Знакомой дорогой, сжимая в руках по две наполненные сумки, избегая наступать на сухие ветки, зашагали через чернеющий сад к проему. Протолкнув сумки через ограду, Степан перелез.
— Давай ты, только поаккуратнее, — обернулся он к взволнованному Константину.
— Держи, — протолкнул тот объемную сумку, потом вторую, поменьше. После чего быстро перелез сам.
Сняли с себя полиэтиленовые накидки, маски и сунули их в сумку. Вот теперь можно дышать поровнее.
Машина стояла на прежнем месте, укрытая за кустами, словно за стеной. Уже не таясь, Степан с Константином устремились к ней. Дверцы легковушки распахнулись, и Шабанов увидел взволнованное лицо Назара.
— Почему так долго, командир? Вы должны были выйти еще с полчаса назад. Мы уже начали нервничать.
— Все в порядке, — устало улыбнулся Степан, загружая в открывшийся багажник сумки. — А ты за меня переживала, детка? — ткнулся он губами в щеку Варваре, подавшейся навстречу.
— И ты еще спрашиваешь? Даже не представляешь как!
— Как все прошло? — спросил Назар.
— Почти по плану. Расскажу все потом, я сам сяду за руль.

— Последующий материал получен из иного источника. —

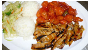
Sweet & Sour Chicken & Teriyaki
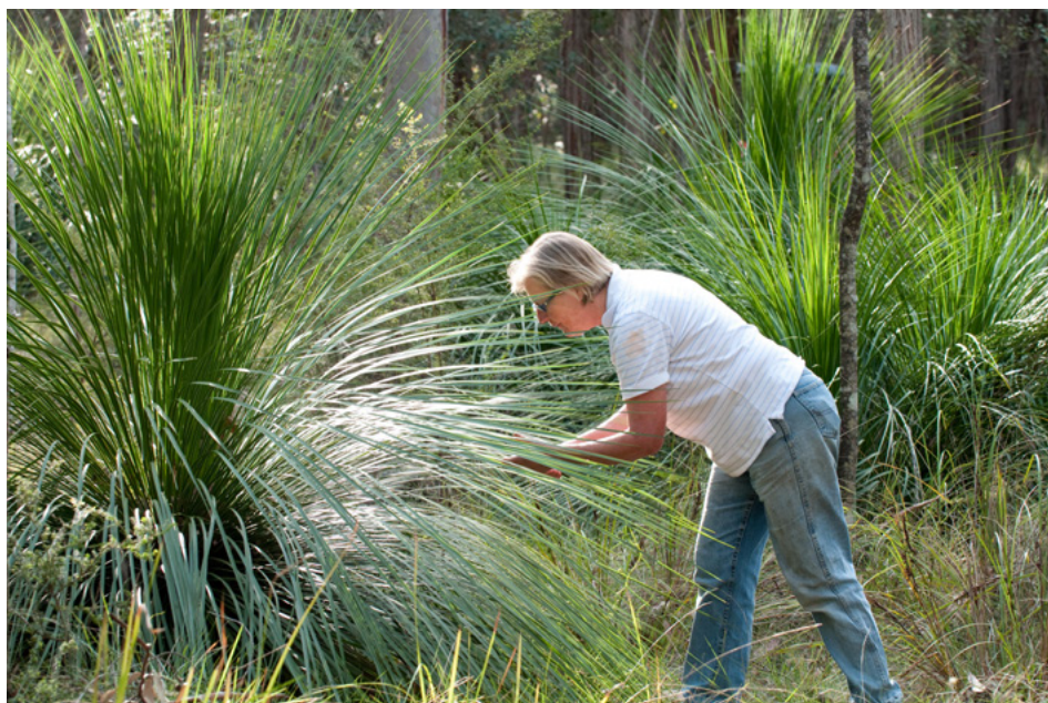
Grass Trees on Remony Farm, Kurrajong

GS LLS provides grant opportunities, generally in the form of funding, for works and activities that support and enable land managers to better manage these natural resources whilst maintaining land uses that are sustainable and productive, through its Natural Resources Management & Sustainable Agriculture (NRM & SusAg) Grants Program.

— Договорились, — отозвался Сумароков, освобождая водительское место.
Подошел Константин, запыхавшийся, заметно взволнованный. Перехватив у него сумки, Назар втиснул их между двумя другими.

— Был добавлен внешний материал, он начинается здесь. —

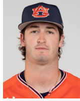
11 CHASE HALL
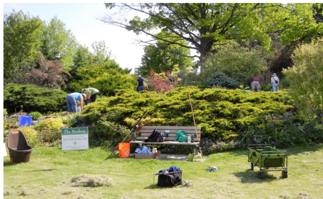
Hard work at the kick-off

If you have never seen the Rockery, or haven't been there in a while, why not walk by sometime and see the effect a hardworking group of volunteers can have on a rocky piece of City of Toronto property.
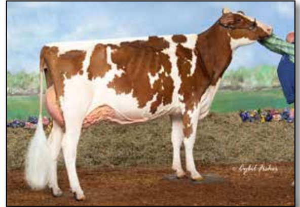
Siemers Defnt Great-Red-ET EX-92 2nd dam of Lot 1
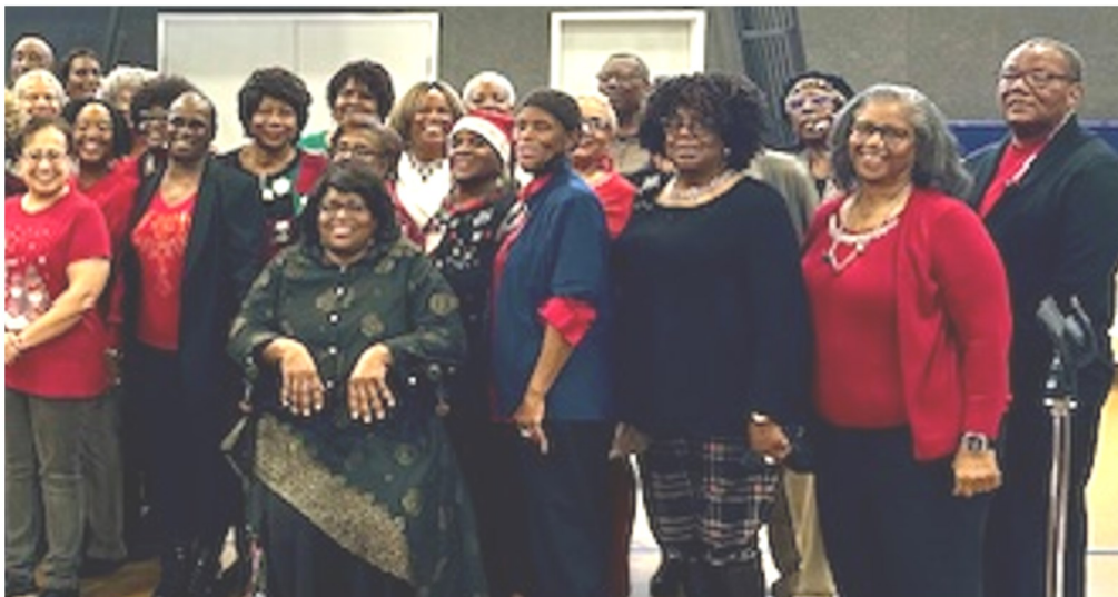
YAH Swinging Sixties
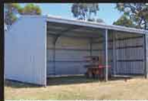
10) Open Front & Side Hay Shed
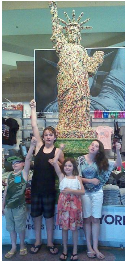
Lebo Newman submitted this picture of a statue in Las Vegas made out of ... Jelly Beans!
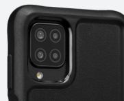
FULL CAMERA, BUTTON & PORTS FUNCTIONALITY

— Отчего такие тяжелые? — спросил он, удивляясь.
— Таким тяжелым может быть только золото, — солидно отозвался Константин.
— Уж лучше бы алмазы… Ладно, разберемся, — ответил Сумароков, хлопнув крышкой багажника. — Золотишко на мелкие расходы пойдет.
Шутка была оценена — Константин довольно улыбнулся.
— Все, я еду! Встречаемся у меня.
Включив габариты, Шабанов медленно, стараясь не зацепить кузовом близлежащие кусты, выехал на дорогу. Только отъехав на значительное расстояние, включил ближний свет.
Назар с Константином зашагали к дому Степана. Главное не поддаваться накатившейся эйфории и не прыгать на радостях посредине безмолвной улицы: такое странное поведение непременно будет замечено, если не полицейскими, так случайными прохожими.
— Может, все-таки на попутке? — предложил Константин. — Народу ведь немного. Устал чертовски!